I thought I should let you know my two chance experiences with the ad and how it hit me. You did it.
With Love, Yoko Ono”

 

8. I’m presuming you’re a big risk taker?
My motto has always been “make glorious mistakes.”
Think of it this way: If you research what a kid wants in a cake, the research will tell you he wants a cake made entirely of icing; after all, icing is the best part. You can’t go wrong with an all-icing cake! The kid will get his guaranteed-not-wrong cake made of icing and that cake will make him throw up.
Moral of the story: It’s okay, even good sometimes, to be wrong.
For instance, I have been told by people who have nothing better to do than write about advertising that I came to it from an odd background, but only if you consider a college degree in Philosophy and membership in the American Hegelian Society and a fondness for 19th century German philosophers odd.
To wit:
“Riswold’s campaigns may have created more American icons than anyone since Walt Disney. You would not, however, suspect it by looking at him…Riswold looks more like the seven-year philosophy undergrad he once was at the University of Washington than one of the most powerful forces in American advertising.”
And:

Jim Riswold is the only ad copywriter ever to make Newsweek’s list of the 100 most influential people in America. And if God made Michael Jordan, then Riswold made Michael Jordan God. Graying hair shorn nearly to the scalp, Riswold looks, in his dark glasses and overcoat, more like someone hired to teach you German philosophy, or to put a bullet in you. Or maybe both.”
Flattering hyperbole, yes, but I don’t think I would’ve been the subject of such fawning nonsense if it weren’t for my background in philosophy.

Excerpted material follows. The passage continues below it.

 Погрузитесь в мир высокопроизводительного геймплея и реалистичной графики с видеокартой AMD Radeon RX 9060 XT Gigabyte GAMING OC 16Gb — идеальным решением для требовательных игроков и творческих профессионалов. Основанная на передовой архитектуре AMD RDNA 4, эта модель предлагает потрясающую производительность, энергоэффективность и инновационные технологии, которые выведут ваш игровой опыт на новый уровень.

Seriously, I think my background in philosophy, as well as an inordinate amount of other liberal arts degrees and credits, have enabled me to look at things in, hopefully, a different way. At the very least, reading the really complicated philosophical works provide proof that, yes, there are far more difficult things to comprehend than really dumb client requests and demands.
It has also, in rare moments of lucidity, allowed me to realize there are far more important things in this world than advertising: family, friends, art, Nietzsche, literature, oncologists and baked beans.
While the baked beans bit may sound flippant, it isn’t; because when you come to grips with the fact that something as inconsequential as baked beans is more important than advertising, it allows you to create great advertising.

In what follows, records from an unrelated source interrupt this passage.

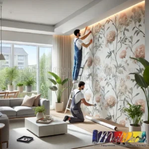 ” Thi công tranh dán tường hoa lá tinh tế trong phòng khách rộng rãi. ”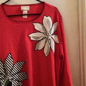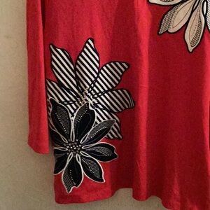 Alfred Dunner Vibrant Red Flower Top Size 1X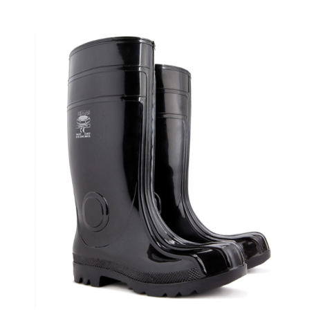 Hosszú szárú PVC csizma fekete színben, kivehető filc talpbetéttel és minősített csúszásmentes talppal. Szabvány: EN ISO 20347:2012 OB

Long Live philosophy and baked beans.

9. You say stoopid is better than smart, why?
Start every day stupid. If you start every day stupid you start every day without inhibition and inhibition is creativity’s kryptonite.
I recommend vodka. Drinking destroys inhibition. Inhibition kills creativity. I will not pontificate on drinking’s less-than-stellar effect on livers because that would be quite hypocritical of me and my mom always said, “Eat your vegetables and don’t be a hypocrite.” So if you want to protect your liver and be creative, skip the vodka thing and stick to the uninhibited thing.
Creativity is trying different things and then more different things. Picasso, no slouch in the trying-different-things department, pointed out, “God invented the giraffe, the elephant, the cat…He has no real style. He just goes on trying things.
Creativity demands making a fool out of yourself. You cannot be creative unless you are willing to walk around with your pants around your ankles.

24 Feb 2024, 09:22 (EMAIL)
Riz, just heard that bit in the Haberstam book where you pitch Jordan a post-baseball script.
So far, no one has challenged him or been brutally honest with him on anything.
You present him a script that implies and make fun of him not being very good at baseball.

The balls.
He rejects it, you persist, he caves.
Hats off!
I’ve seen The Last Dance – he’s scary.
Dx

24 Feb 2024, 13:27 (EMAIL)
So true, Dave.
We had just finished a Mars Blackmon spot talking about MJ as a hardworking, but not very good, baseball player.
We then hear, a week or so later, he’s coming back to baseball and Nike wants spots, like tomorrow.
Simple.  Make the retirement and baseball trip all a dream.
We did a Mars one, describing MJ as “having trouble with the vicious Double A curveball.”
In Micheal’s he’s at the foul line and says in VO, I had this dream.  I walked away from the game I loved.  I became a weak hitting Double A outfielder with a below average arm.  I rode from small town to small town on a bus.  Then I returned to the game I loved.  And shot 7 for 27.”
Cut back to Michael at foul line:  Can you imagine it?  Nah.
People are worried Michael will balk at the weak hitting line.
I read him the script over the phone.
Silence.
Finally MJ speaks:  “Ah Riz, why do you want to call me a weak hitting outfielder?”
I say, “What else would you call someone in Double A hitting below .200?
He says, “Fuck you.  I’ll do it.”
And we did it.
Me

 

24 Feb 2024, 16.09 (EMAIL)
Have you got any rejected work I could show?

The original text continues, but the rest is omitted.